What you will do
Which lines run from the start of the data below to the line containing "Next, open the"? Set them down exactly, with none added.

Supplied records
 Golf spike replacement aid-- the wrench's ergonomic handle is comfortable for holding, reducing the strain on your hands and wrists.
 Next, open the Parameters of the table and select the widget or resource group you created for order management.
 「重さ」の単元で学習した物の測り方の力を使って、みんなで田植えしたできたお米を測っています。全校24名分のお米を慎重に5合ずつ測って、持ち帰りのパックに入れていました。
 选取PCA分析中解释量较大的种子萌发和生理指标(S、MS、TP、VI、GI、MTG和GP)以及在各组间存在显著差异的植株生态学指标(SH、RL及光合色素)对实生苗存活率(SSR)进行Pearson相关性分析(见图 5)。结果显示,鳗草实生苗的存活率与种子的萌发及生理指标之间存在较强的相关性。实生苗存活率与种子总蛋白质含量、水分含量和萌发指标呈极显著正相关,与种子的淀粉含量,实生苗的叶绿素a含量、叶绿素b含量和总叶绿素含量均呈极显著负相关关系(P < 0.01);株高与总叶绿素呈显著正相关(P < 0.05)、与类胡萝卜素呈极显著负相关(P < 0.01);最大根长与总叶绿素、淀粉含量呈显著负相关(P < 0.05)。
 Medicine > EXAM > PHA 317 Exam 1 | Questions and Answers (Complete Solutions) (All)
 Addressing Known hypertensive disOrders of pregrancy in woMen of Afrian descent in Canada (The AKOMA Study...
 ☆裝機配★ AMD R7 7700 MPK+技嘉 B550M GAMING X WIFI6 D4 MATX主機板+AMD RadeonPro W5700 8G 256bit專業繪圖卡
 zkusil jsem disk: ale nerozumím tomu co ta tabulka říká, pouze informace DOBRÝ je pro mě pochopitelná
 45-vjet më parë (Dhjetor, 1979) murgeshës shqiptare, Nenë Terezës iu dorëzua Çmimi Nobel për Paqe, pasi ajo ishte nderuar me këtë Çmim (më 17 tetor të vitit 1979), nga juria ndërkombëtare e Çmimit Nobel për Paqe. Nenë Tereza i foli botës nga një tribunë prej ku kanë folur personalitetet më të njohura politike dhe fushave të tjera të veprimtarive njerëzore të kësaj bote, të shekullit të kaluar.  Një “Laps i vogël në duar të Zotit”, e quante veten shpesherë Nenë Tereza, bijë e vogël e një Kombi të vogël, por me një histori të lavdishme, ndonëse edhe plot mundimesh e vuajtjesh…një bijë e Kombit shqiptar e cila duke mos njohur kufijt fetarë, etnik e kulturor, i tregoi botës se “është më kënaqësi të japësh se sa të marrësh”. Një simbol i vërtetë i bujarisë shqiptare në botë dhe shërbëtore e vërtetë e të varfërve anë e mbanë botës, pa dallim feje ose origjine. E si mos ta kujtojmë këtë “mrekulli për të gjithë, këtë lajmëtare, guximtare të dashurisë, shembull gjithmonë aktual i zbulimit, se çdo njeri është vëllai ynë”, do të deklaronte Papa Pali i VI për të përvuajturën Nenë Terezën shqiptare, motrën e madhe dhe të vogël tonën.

Reply
 Golf spike replacement aid-- the wrench's ergonomic handle is comfortable for holding, reducing the strain on your hands and wrists.
 Next, open the Parameters of the table and select the widget or resource group you created for order management.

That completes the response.